DATA SEGMENT:
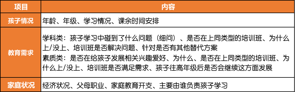 调查的内容不用太多,足够精准即可:
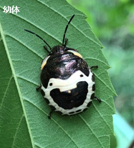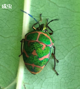 葉っぱの裏には、カメムシの仲間で最も美しいと称される、アカスジキンカメムシを発見!!
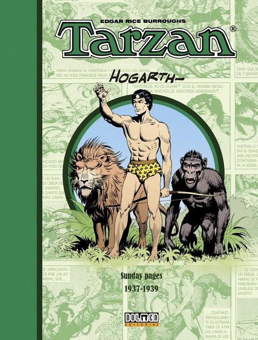 Dolmen Editorial, publica el primer volumen de Tarzan dedicado a presentar las páginas dominicales de Burne Hogarth que le serían encargadas tras la decisión por parte de Harold Foster de dejar su producción de Tarzan para dedicarse a Principe Valiente. La editorial creó un conncurso para ver qué dibujante sustitía el genial Harold Foster, y el ganador fur Burne Hoharth que dibujó la que sería la siguiente página dominical a la última de Foster con un virtuosismo tal que de no estar firmada por él, los lectores no se hubieran percatado del cambio de dibujante. El estilo de Hogrth en este primer volumen permanece parecido durante el primer tomo, empezando a intruoducir las variaciones de su genial estilo a partir del tomo dos y aún habrá variaciones más iportantes más adelante. Los tomos de esta colección tienen una predominancia del color verde para las portadas y páginas de textos en el interior, muy apropiado para representar el color de la selva de Tarzan. Encuadernado en cartoné y presentadas las historias en papel de alto gramaje y con la coloración original, éste es una muy buena colección para conocer esta obra. (texto de Mariano Bayona).

AIM OF THE EXERCISE: Your copy should match the data exactly, apart from the images, which are dropped.

PROBLEM SOLUTION:
 调查的内容不用太多,足够精准即可:
 葉っぱの裏には、カメムシの仲間で最も美しいと称される、アカスジキンカメムシを発見!!
 Dolmen Editorial, publica el primer volumen de Tarzan dedicado a presentar las páginas dominicales de Burne Hogarth que le serían encargadas tras la decisión por parte de Harold Foster de dejar su producción de Tarzan para dedicarse a Principe Valiente. La editorial creó un conncurso para ver qué dibujante sustitía el genial Harold Foster, y el ganador fur Burne Hoharth que dibujó la que sería la siguiente página dominical a la última de Foster con un virtuosismo tal que de no estar firmada por él, los lectores no se hubieran percatado del cambio de dibujante. El estilo de Hogrth en este primer volumen permanece parecido durante el primer tomo, empezando a intruoducir las variaciones de su genial estilo a partir del tomo dos y aún habrá variaciones más iportantes más adelante. Los tomos de esta colección tienen una predominancia del color verde para las portadas y páginas de textos en el interior, muy apropiado para representar el color de la selva de Tarzan. Encuadernado en cartoné y presentadas las historias en papel de alto gramaje y con la coloración original, éste es una muy buena colección para conocer esta obra. (texto de Mariano Bayona).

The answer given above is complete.